• **WORK REQUEST**:
Quote every line of the material beneath this one.

• **TASK INPUTS**:

_ _ _ _ _

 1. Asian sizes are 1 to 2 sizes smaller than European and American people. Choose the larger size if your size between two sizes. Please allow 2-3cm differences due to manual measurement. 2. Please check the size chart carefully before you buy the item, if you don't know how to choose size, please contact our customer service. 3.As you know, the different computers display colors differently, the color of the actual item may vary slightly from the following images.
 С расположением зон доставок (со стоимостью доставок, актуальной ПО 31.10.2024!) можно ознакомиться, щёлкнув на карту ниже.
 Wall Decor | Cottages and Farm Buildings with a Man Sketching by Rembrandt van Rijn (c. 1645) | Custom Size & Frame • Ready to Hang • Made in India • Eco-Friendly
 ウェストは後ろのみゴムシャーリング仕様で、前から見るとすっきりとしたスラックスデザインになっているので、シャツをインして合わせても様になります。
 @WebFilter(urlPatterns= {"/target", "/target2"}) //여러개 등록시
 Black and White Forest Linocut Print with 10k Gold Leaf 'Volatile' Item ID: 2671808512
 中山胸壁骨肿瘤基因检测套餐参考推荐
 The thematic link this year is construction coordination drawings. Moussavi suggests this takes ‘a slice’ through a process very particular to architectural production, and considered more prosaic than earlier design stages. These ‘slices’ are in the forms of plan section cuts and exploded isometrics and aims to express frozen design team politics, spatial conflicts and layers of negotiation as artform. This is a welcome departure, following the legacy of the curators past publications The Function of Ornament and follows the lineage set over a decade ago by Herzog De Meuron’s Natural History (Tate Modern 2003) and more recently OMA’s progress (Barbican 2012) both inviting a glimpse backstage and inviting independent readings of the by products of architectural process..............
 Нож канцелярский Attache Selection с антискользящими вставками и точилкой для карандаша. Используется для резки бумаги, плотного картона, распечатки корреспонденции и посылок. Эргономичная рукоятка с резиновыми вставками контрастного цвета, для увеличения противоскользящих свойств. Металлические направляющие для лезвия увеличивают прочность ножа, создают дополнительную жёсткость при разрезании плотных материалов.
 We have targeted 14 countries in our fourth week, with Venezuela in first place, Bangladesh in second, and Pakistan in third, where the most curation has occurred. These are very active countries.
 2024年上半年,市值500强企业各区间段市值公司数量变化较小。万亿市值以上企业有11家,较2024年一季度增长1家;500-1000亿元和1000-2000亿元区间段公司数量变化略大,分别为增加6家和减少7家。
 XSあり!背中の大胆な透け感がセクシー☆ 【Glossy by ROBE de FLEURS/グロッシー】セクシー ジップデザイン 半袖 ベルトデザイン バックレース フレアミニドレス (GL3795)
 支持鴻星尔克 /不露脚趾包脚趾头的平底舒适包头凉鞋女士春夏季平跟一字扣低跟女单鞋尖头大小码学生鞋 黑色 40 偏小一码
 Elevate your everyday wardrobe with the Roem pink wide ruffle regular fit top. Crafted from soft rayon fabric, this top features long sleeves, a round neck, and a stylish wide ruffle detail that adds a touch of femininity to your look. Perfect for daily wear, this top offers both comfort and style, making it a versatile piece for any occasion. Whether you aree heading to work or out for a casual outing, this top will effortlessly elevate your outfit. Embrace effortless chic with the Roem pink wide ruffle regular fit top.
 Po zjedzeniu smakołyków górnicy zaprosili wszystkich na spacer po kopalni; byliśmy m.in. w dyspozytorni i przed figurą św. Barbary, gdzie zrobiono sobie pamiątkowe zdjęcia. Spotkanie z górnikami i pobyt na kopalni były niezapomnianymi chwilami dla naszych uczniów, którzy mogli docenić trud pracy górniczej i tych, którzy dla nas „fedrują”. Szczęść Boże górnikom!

_ _ _ _ _

• **FINISHED EXERCISE**:
 1. Asian sizes are 1 to 2 sizes smaller than European and American people. Choose the larger size if your size between two sizes. Please allow 2-3cm differences due to manual measurement. 2. Please check the size chart carefully before you buy the item, if you don't know how to choose size, please contact our customer service. 3.As you know, the different computers display colors differently, the color of the actual item may vary slightly from the following images.
 С расположением зон доставок (со стоимостью доставок, актуальной ПО 31.10.2024!) можно ознакомиться, щёлкнув на карту ниже.
 Wall Decor | Cottages and Farm Buildings with a Man Sketching by Rembrandt van Rijn (c. 1645) | Custom Size & Frame • Ready to Hang • Made in India • Eco-Friendly
 ウェストは後ろのみゴムシャーリング仕様で、前から見るとすっきりとしたスラックスデザインになっているので、シャツをインして合わせても様になります。
 @WebFilter(urlPatterns= {"/target", "/target2"}) //여러개 등록시
 Black and White Forest Linocut Print with 10k Gold Leaf 'Volatile' Item ID: 2671808512
 中山胸壁骨肿瘤基因检测套餐参考推荐
 The thematic link this year is construction coordination drawings. Moussavi suggests this takes ‘a slice’ through a process very particular to architectural production, and considered more prosaic than earlier design stages. These ‘slices’ are in the forms of plan section cuts and exploded isometrics and aims to express frozen design team politics, spatial conflicts and layers of negotiation as artform. This is a welcome departure, following the legacy of the curators past publications The Function of Ornament and follows the lineage set over a decade ago by Herzog De Meuron’s Natural History (Tate Modern 2003) and more recently OMA’s progress (Barbican 2012) both inviting a glimpse backstage and inviting independent readings of the by products of architectural process..............
 Нож канцелярский Attache Selection с антискользящими вставками и точилкой для карандаша. Используется для резки бумаги, плотного картона, распечатки корреспонденции и посылок. Эргономичная рукоятка с резиновыми вставками контрастного цвета, для увеличения противоскользящих свойств. Металлические направляющие для лезвия увеличивают прочность ножа, создают дополнительную жёсткость при разрезании плотных материалов.
 We have targeted 14 countries in our fourth week, with Venezuela in first place, Bangladesh in second, and Pakistan in third, where the most curation has occurred. These are very active countries.
 2024年上半年,市值500强企业各区间段市值公司数量变化较小。万亿市值以上企业有11家,较2024年一季度增长1家;500-1000亿元和1000-2000亿元区间段公司数量变化略大,分别为增加6家和减少7家。
 XSあり!背中の大胆な透け感がセクシー☆ 【Glossy by ROBE de FLEURS/グロッシー】セクシー ジップデザイン 半袖 ベルトデザイン バックレース フレアミニドレス (GL3795)
 支持鴻星尔克 /不露脚趾包脚趾头的平底舒适包头凉鞋女士春夏季平跟一字扣低跟女单鞋尖头大小码学生鞋 黑色 40 偏小一码
 Elevate your everyday wardrobe with the Roem pink wide ruffle regular fit top. Crafted from soft rayon fabric, this top features long sleeves, a round neck, and a stylish wide ruffle detail that adds a touch of femininity to your look. Perfect for daily wear, this top offers both comfort and style, making it a versatile piece for any occasion. Whether you aree heading to work or out for a casual outing, this top will effortlessly elevate your outfit. Embrace effortless chic with the Roem pink wide ruffle regular fit top.
 Po zjedzeniu smakołyków górnicy zaprosili wszystkich na spacer po kopalni; byliśmy m.in. w dyspozytorni i przed figurą św. Barbary, gdzie zrobiono sobie pamiątkowe zdjęcia. Spotkanie z górnikami i pobyt na kopalni były niezapomnianymi chwilami dla naszych uczniów, którzy mogli docenić trud pracy górniczej i tych, którzy dla nas „fedrują”. Szczęść Boże górnikom!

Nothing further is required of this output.